From the entries below, print exactly the span beginning with the line holding "은행, 증권사, 보험사, 카드사" and ending with the line holding "с душем, тапочки, туалетные", endpoints included, and skip any pictures.

··· SUPPLIED MATERIAL ···

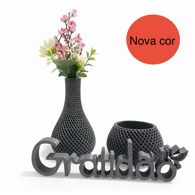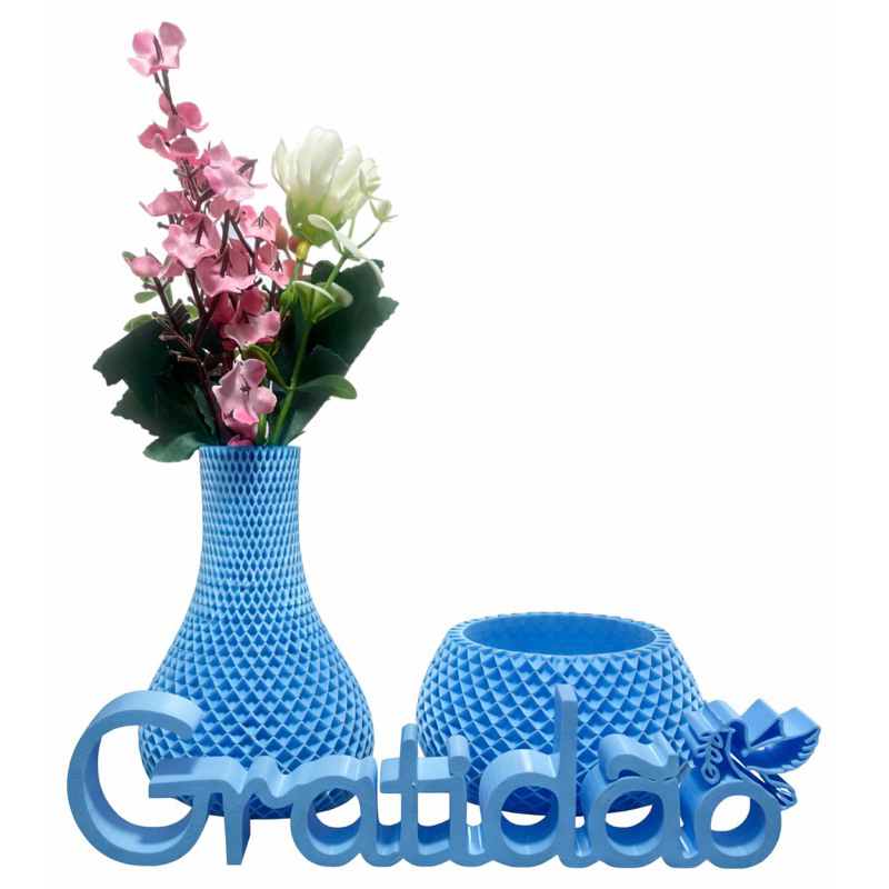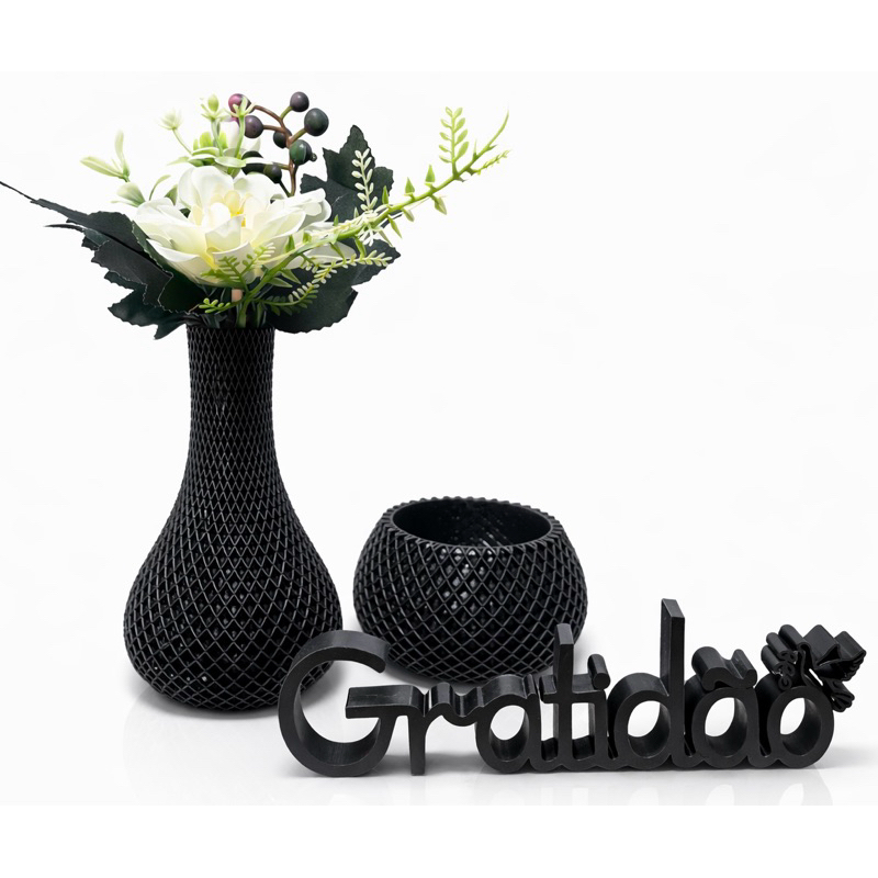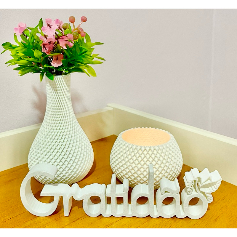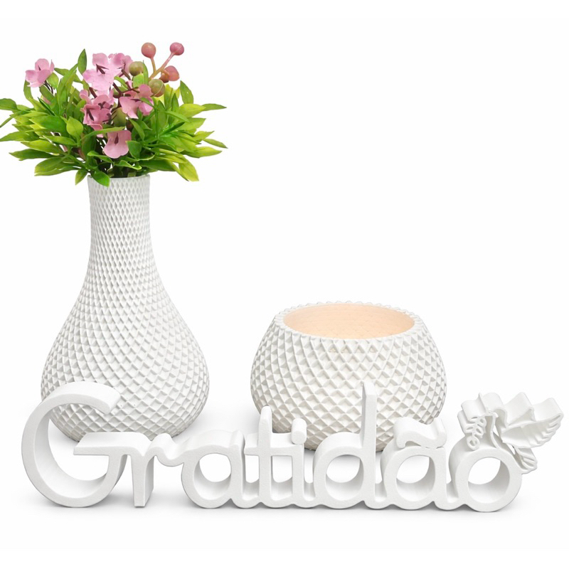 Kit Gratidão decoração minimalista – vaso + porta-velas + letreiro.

···
··· SUPPLIED MATERIAL ···

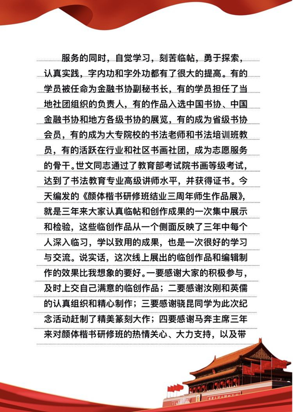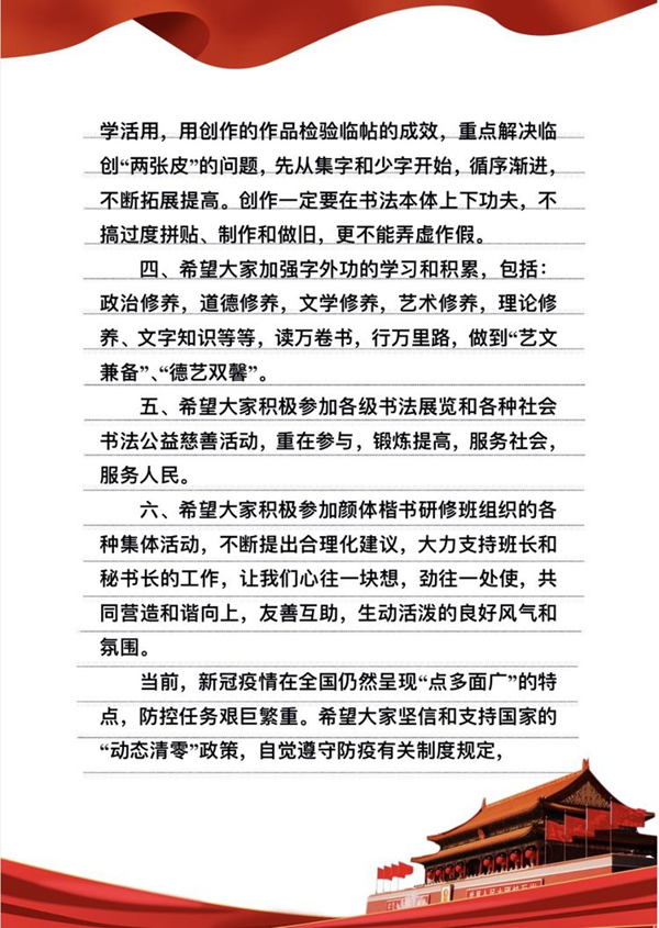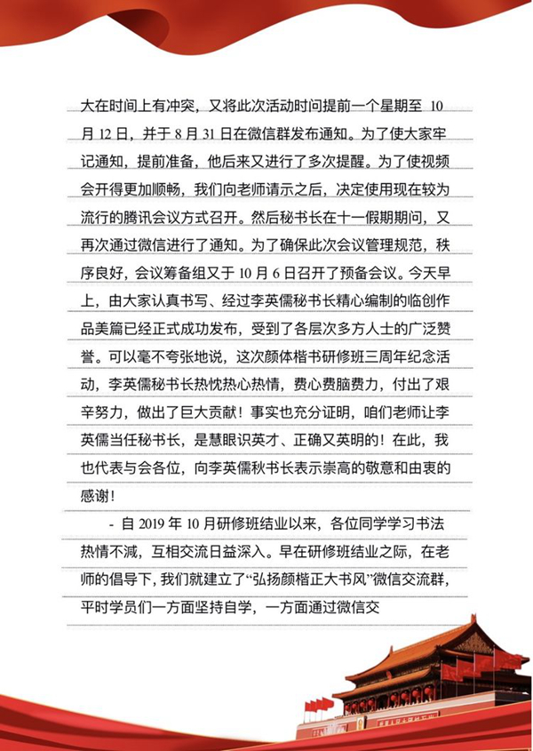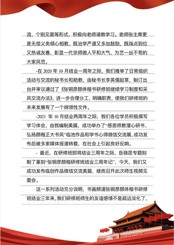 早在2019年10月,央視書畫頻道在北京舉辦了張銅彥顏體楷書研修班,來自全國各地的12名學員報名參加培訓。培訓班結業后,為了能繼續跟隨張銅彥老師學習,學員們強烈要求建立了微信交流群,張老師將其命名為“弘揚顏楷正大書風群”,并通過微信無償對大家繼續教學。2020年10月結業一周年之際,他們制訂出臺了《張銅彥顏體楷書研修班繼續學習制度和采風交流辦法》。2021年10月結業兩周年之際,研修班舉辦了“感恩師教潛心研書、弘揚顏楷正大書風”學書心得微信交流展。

···
··· SUPPLIED MATERIAL ···

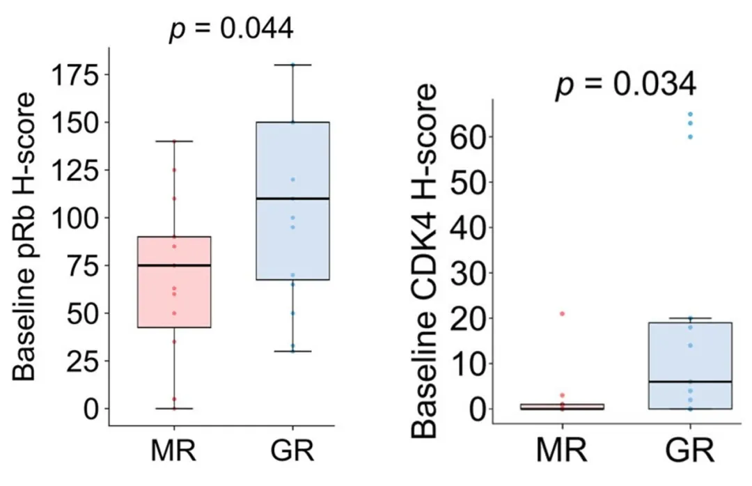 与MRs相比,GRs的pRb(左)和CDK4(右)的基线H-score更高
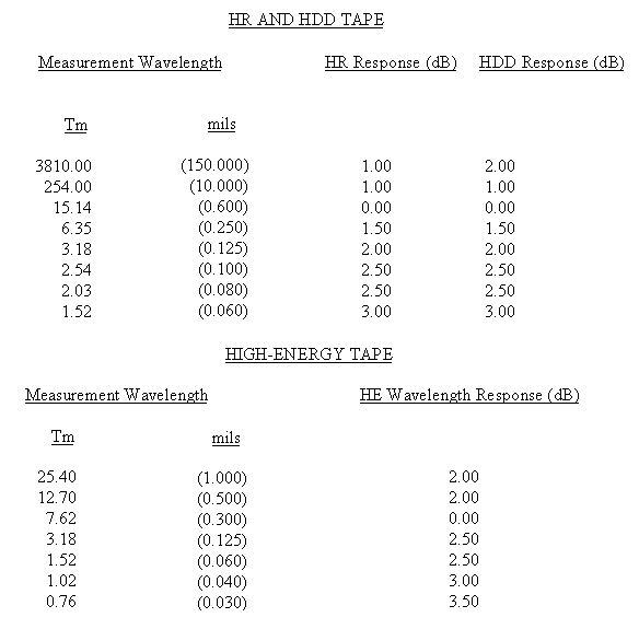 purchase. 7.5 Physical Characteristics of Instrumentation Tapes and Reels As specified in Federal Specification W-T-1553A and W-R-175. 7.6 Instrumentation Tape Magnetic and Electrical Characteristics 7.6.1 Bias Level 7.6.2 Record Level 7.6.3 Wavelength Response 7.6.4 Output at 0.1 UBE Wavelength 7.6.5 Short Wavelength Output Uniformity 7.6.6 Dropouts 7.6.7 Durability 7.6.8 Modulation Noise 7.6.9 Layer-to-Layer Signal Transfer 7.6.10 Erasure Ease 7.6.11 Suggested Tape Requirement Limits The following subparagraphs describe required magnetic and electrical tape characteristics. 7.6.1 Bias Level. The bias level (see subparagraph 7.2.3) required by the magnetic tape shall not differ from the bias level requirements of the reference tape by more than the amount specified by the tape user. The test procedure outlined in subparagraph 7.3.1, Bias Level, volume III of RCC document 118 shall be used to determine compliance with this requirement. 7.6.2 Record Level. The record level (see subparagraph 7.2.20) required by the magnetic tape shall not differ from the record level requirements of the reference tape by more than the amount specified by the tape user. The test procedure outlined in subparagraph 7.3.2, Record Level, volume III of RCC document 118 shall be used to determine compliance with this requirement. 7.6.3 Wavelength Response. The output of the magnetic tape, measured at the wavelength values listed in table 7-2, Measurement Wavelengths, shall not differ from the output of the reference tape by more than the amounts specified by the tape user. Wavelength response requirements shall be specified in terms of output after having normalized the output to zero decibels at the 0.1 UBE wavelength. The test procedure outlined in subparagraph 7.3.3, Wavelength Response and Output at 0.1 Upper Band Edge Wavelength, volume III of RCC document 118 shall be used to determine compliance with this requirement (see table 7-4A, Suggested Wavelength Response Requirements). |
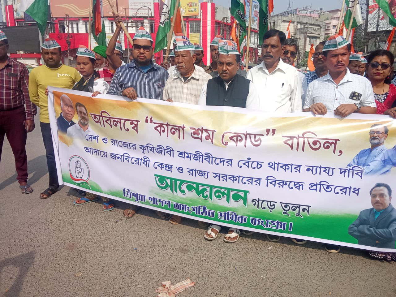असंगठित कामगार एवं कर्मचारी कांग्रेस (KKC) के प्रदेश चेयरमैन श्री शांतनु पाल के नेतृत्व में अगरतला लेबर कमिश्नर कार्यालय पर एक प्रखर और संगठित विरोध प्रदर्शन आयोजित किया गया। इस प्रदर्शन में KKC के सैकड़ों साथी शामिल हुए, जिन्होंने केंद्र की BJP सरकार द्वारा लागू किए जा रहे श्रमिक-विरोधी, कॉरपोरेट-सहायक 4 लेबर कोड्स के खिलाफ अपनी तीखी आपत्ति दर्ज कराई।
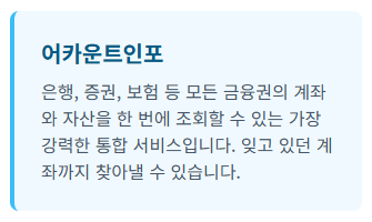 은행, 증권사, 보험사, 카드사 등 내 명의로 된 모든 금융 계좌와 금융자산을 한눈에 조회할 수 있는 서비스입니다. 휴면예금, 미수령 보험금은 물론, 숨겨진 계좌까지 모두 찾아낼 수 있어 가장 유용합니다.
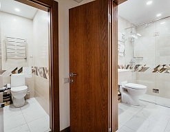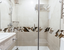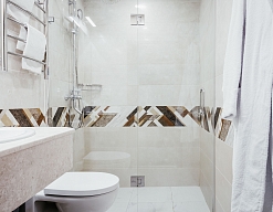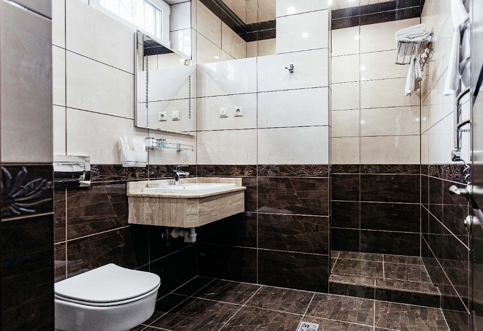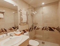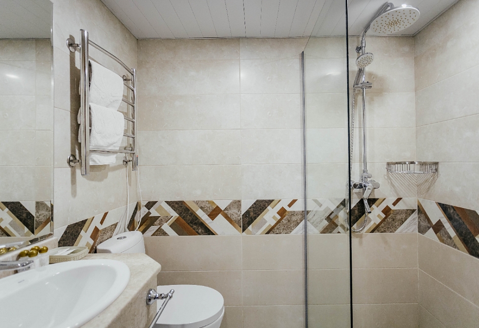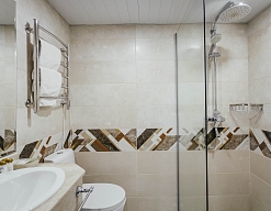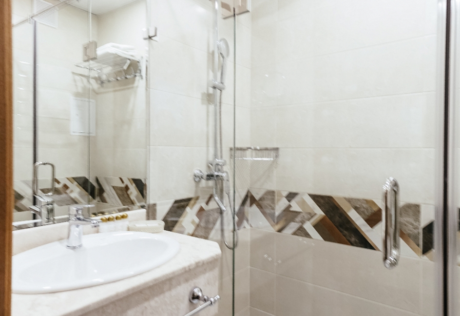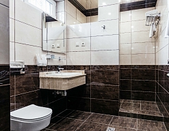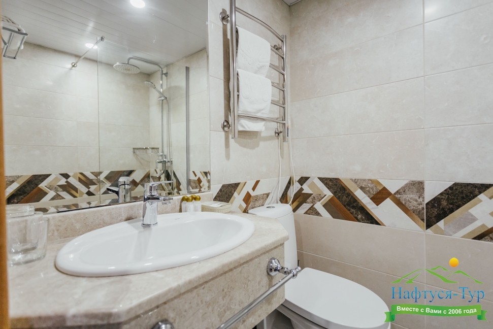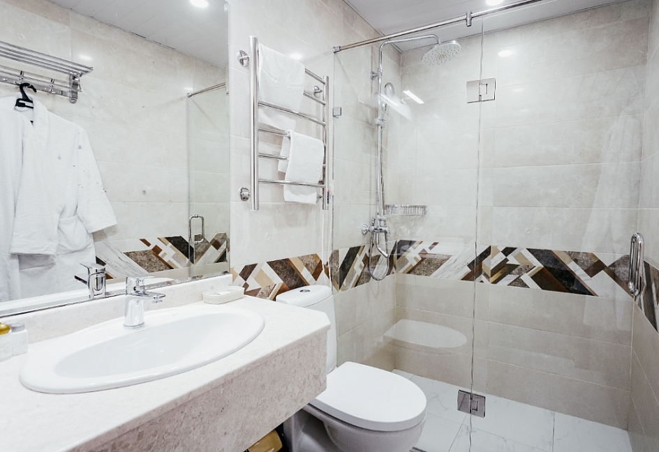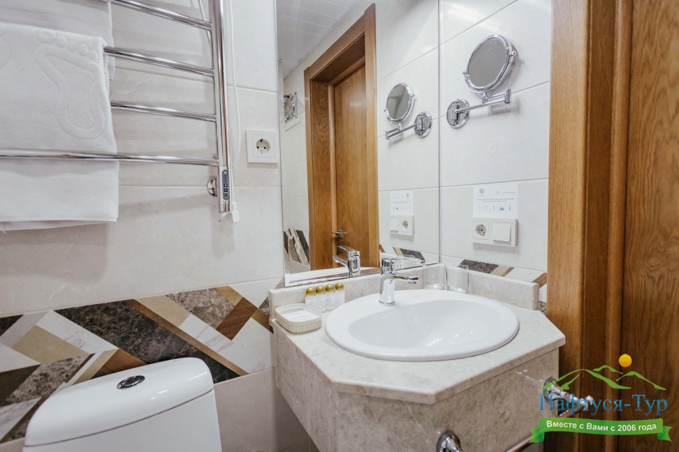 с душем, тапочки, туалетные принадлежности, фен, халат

···

* **REPLY**:
 은행, 증권사, 보험사, 카드사 등 내 명의로 된 모든 금융 계좌와 금융자산을 한눈에 조회할 수 있는 서비스입니다. 휴면예금, 미수령 보험금은 물론, 숨겨진 계좌까지 모두 찾아낼 수 있어 가장 유용합니다.
 с душем, тапочки, туалетные принадлежности, фен, халат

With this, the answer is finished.